Retirement is something many people hope to do one day. It is a major life transition that requires careful planning though, especially if you have a spouse that will be retiring with you. Many people don’t consider how much money they’ll need to live comfortably for years after they stop working. Pinpointing the right amount depends on your lifestyle, location, and other factors. So, what is a good monthly retirement income for a couple? Here’s what you need to know about breaking down the costs.
Understanding Retirement Expenses
Before you start trying to figure out what your retirement income will look like, you need to have a good understanding of your expenses. Sit down and figure out how much you’ll be spending on housing, food, transportation, healthcare, and other things. In retirement, many people find that healthcare costs increase.
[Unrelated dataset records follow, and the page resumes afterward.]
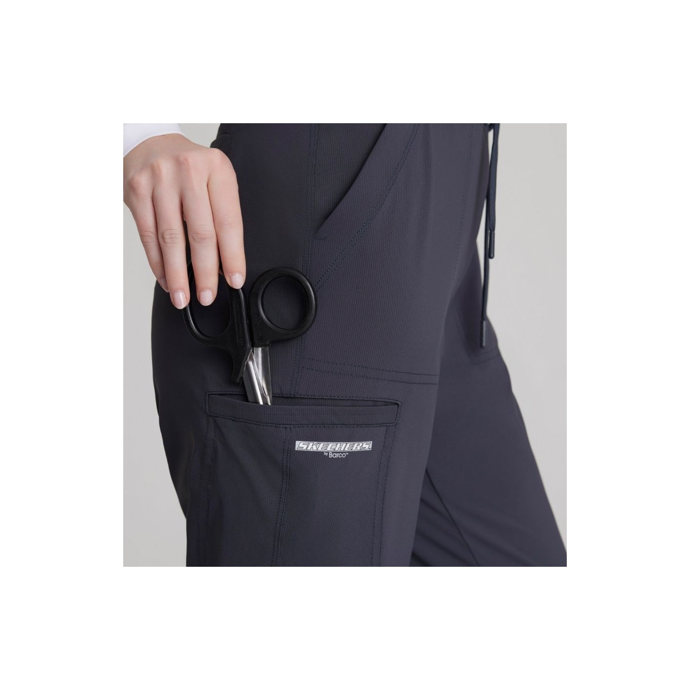 The Reach Women's Medical Pants by Skechers™ by Barco Slip-ins combine comfort and functionality with their 360° stretch Comfort Knit fabric, elasticated waistband with adjustable drawstring, and moisture-wicking properties. Their straight and slim fit, along with four functional pockets, make them ideal for everyday wear.
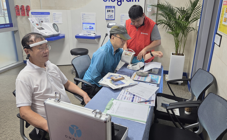 한국건강관리협회 충북·세종지부 관계자들이 9일 청주서원노인복지관에서 건강캠페인을 열고 이용자들의 건강을 확인할 수 있는 혈압·악력 등을 측정하고 있다.
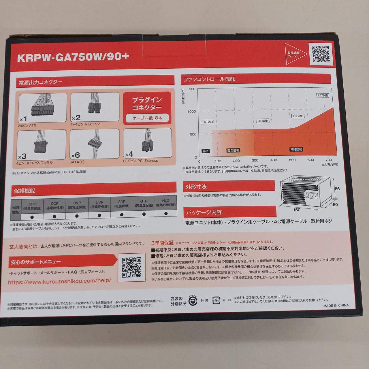 ATX電源ユニット フルプラグイン仕様 750W |
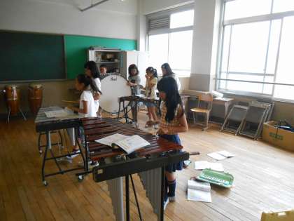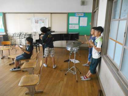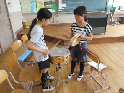 打楽器の音色や音楽の仕組みを生かして,リズムアンサンブルをつくろうと,音楽室に向かいました。

The average retiree spends around $4,300 per month on healthcare alone. That shakes out to be about $52,000 a year. Now, some of this will be covered by your insurance plan, etc. However, it’s crucial to plan for this.
On top of that, mortgages, rent, or property taxes can take up a substantial portion of your budget. It’s important to also consider lifestyle expenses, like dining out, travel, or hobbies. By breaking down your expected expenses, you can better determine how much monthly income you’ll need.
Factoring in Location Costs
Where you choose to live during retirement plays a big role in how much monthly income is sufficient. Urban areas like New York or Los Angeles require significantly higher budgets compared to smaller towns or rural areas. States with no income tax, such as Florida or Texas, may help stretch your retirement dollars. Cost-of-living calculators can provide a realistic idea of how much you’ll need based on your desired location. Don’t forget to factor in expenses like local transportation and property taxes, which vary widely by region. Picking a retirement-friendly state can make your budget go much further.
Targeting the 70-80% Rule
Financial experts often recommend aiming for 70-80% of your pre-retirement income to maintain a similar lifestyle. For example, if your combined income before retirement was $80,000 annually, you’d aim for $56,000 to $64,000 per year, or around $4,700 to $5,300 monthly. This rule takes into account that retirees generally spend less on work-related expenses, such as commuting or business attire. However, couples with expensive hobbies or high healthcare needs may require more. Adjust this percentage based on your unique circumstances to ensure you’re saving enough. A realistic goal ensures a smoother financial transition into retirement.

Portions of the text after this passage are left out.